Летом 1562 года он возглавлял налёт на Витебск.

Иначе трудно назвать этот стремительный поход в глубину княжества Литовского, сопровождавшийся пожарами и разорениями фольварков и городков. Подошли к Витебскому острогу — деревянной стене вокруг посада. Немногочисленное войско князя Радзивилла, воеводы витебского, укрылось в замке на берегу Двины. Посад остался без защиты.

Дети боярские так долго шли, озираясь, по чужой земле, что душегубство, живущее во всяком человеке, но подавляемое мирной жизнью или страхом, разом пробудилось при виде чужих гнёзд. То были истинные гнезда — грязноватые халупы витебских мещан, забитые детьми еврейские домишки на особой улице, которую и подожгли с особым удовольствием, и высокие дома лавников, богатых посадских, строившиеся на каменных подклетах, ибо им уже было что беречь... В такие дома дети боярские не вдруг швыряли факелы, а сперва врывались, разбивали боевыми топорами сундуки, наскоро шарили по углам, таская хозяина за патлы или пейсы, в зависимости от нации, а уж потом запаливали пристройку с сеновалом.

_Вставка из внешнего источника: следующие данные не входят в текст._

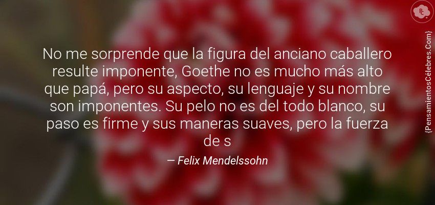 "No me sorprende que la figura del anciano caballero resulte imponente, Goethe no es mucho más alto que papá, pero su aspecto, su lenguaje y su nombre son imponentes. Su pelo no es del todo blanco, su paso es firme y sus maneras suaves, pero la fuerza de s"

Глядя, как летают над завалившейся стеной посада клочья горящей пакли и соломы, а от домов в вечереющее небо воздымаются светящиеся столбы, наполненные искрами и жирной гарью («Что сгорит, то не сгниёт», — приговаривали дети боярские, с гадливостью вспоминая чужой запах, десятилетиями копившийся в этих домах), Андрей Михайлович вдруг произнёс не к месту: «Сколь православных церквей стояло до пожара — кто сосчитал?»

Сведения о сожжённых церквах и синагогах были нелишними для Разрядной книги. Прикинули, что на Витебском посаде было сорок православных луковок, — наверно, вместе с часовнями, поставленными по обету. Город догорал быстрей заката. Пора домой.

Кони охотно уходили от гари и смрада, торопясь выдохнуть и забыть увиденное. Андрей Михайлович забыть не мог и права не имел, но насколько легче было бы ему, если бы за спиною был не Витебск, а Бахчисарай. Одних евреев он не жалел, относясь к ним с тем же злобным презрением, что и Иван Васильевич, но избиваемые так часто кричали о пощаде на русском языке! И церкви, церкви... Такую гарь не выдохнешь единым разом, как бы ни влажен, ни чист был майский воздух в лесах, разросшихся по пологим взгорьям между бесчисленными озёрами до самых Великих Лук.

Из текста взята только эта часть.